A loop- mediated amplification (LAMP)-based detection method for Salmonella in animal feed
International Congress on Bacteriology & Infectious Diseases
November 20-22, 2013 DoubleTree by Hilton Baltimore-BWI Airport, MD, USA

Martin D'Agostino

Accepted Abstracts: J Bacteriol Parasitol


Loop-mediated amplification (LAMP) is an alternative nucleic acid amplification to the polymerase chain reaction (PCR). It uses 6 oligonucleotide primers to mediate amplification of target sequences, which confers high specificity on the assay. LAMP operates with great rapidity, and amplification products can be detected within a few minutes of the start of the reaction. Unlike PCR, LAMP operates isothermally, and thus does not require thermocycling equipment. LAMP instrumentation is highly portable, and thus has the potential to be used outside the analytical laboratory. In the analysis of feedstuff materials for the presence of pathogenic microorganisms, this could be an advantageous feature, potentially facilitating the screening of samples at-site to allow a rapid turnaround of materials. A LAMP-based method has been developed for the detection of Salmonella in animal feed stuffs. The method is based on the assay of Zhang et al. 2011 (Appl. Env. Microbiol. 77 6495-6501), modified to contain controls to identify correctly performed reactions. The assay is harnessed to a sample treatment comprising standard culturing procedures, to be fully compatible with current practice. The method should be useful for analysis of a wide range of feedstuff materials for the presence of Salmonella species.

Biography :

Martin D?Agostino has worked for the Food and Environment Research Agency (FERA) since 1994. His microbiological career began with Kennerty Farm Dairies in Aberdeen (now Robert Wisemans) as a laboratory assistant, until he joined what was the Torry Food Science Laboratory (Central Science Laboratory, MAFF) in 1994, now named the Food and Environment Research Agency as part of Defra.

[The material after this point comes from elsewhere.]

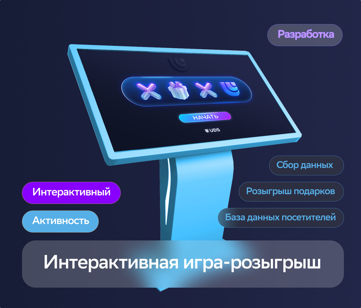 О проекте Для крупного застройщика мы разработали интерактивную игру-розыгрыш подарков на сенсорном столе. Главная задача — не просто развлечь гостей мероприятия, но и собрать контактные данные потенциальных покупателей, а также привлечь их в digital-каналы компании. Механика оказалась настолько эффективной, что у стола постоянно выстраивалась очередь из желающих испытать удачу. Посетитель касается экрана и вводит номер телефона (или сканирует QR-код). Система проверяет, участвовал ли уже этот человек сегодня — защита от повторных попыток. На экране появляется анимированное колесо фортуны (или другой визуал — под стиль бренда). Гость нажимает кнопку «Крутить» и наблюдает за вращением. Варианты исходов: Если подарок не выпал, игра предлагает дополнительную попытку за предоставление email-адреса. Посетитель вводит почту и снова крутит колесо. Игроку предлагается последняя попытка: подписаться на Telegram-канал застройщика (на экране отображается QR-код). После подтверждения подписки — тр
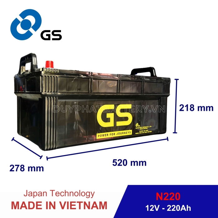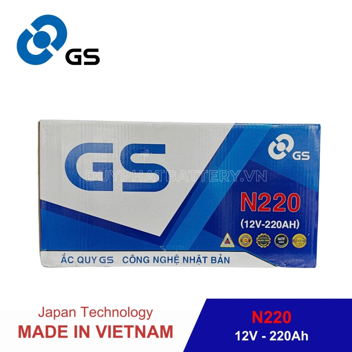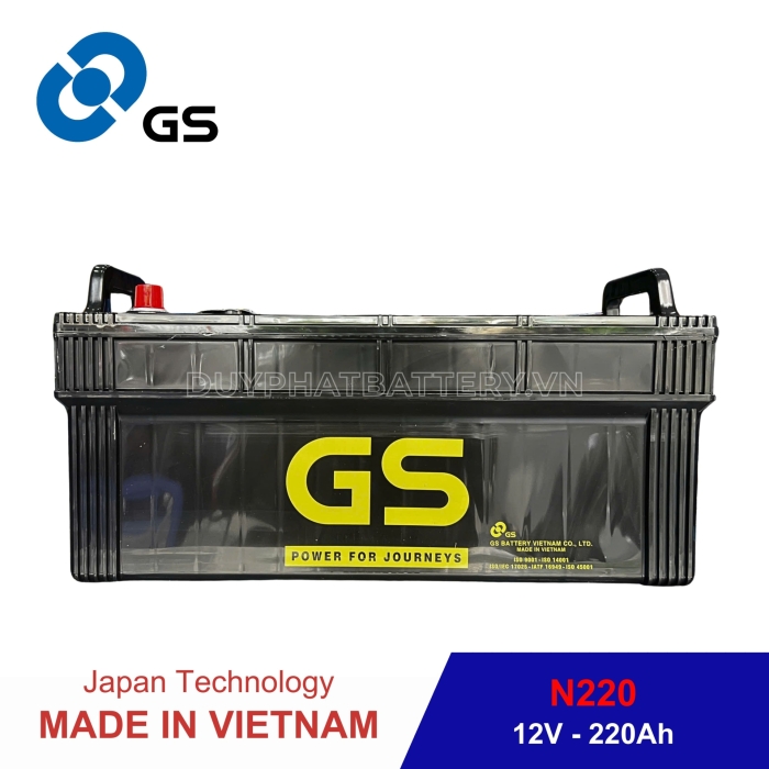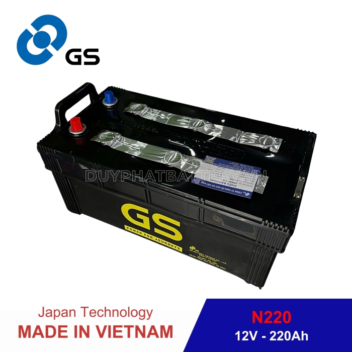 Bình GS nước N220 (12V-220AH) do Công Ty TNHH Ắc Quy GS Việt Nam Sản Xuất, là một công ty 100% vốn nước ngoài, liên doanh giữa Tập Đoàn GS - YUASA - Nhà sản xuất Ắc Quy axit chì hàng đầu Châu Á, chuyên sản xuất các loại Bình Ắc Quy Ô Tô - Xe Máy và Tập Đoàn MITSUBISHI - Tập Đoàn thương mại lớn nhất Nhật Bản.

He has been involved in EU Framework 5, 6 and 7 projects dealing with such areas as Food PCR, Surveillance of Adenovirus and Norovirus in European Bathing waters and more recently the FP7 project entitled ?Integrated monitoring and Control of Foodborne Viruses in European Food Supply Chains?. This has resulted in the accumulation of many European and worldwide contacts from both Academia and Industry related to both food and environmental microbiology. He has eexperience of chairing and presenting scientific talks at international scientific meetings and has been author in at least 17 papers, several reviews and book chapters related to the detection and implementation of rapid methods for foodborne and environmental human pathogens. He is a member of the Standing Committee of Analysts (Environment Agency) and has been an active participant in the CEN/TC 275/ WG 6/TAG 3 ? ?PCR for the Detection of Food-borne Pathogens? standardisation body. He regularly presents and chairs at international conferences and working groups on EU projects and has published several papers on environmental virology and food microbiology. ?H? Index is currently 10.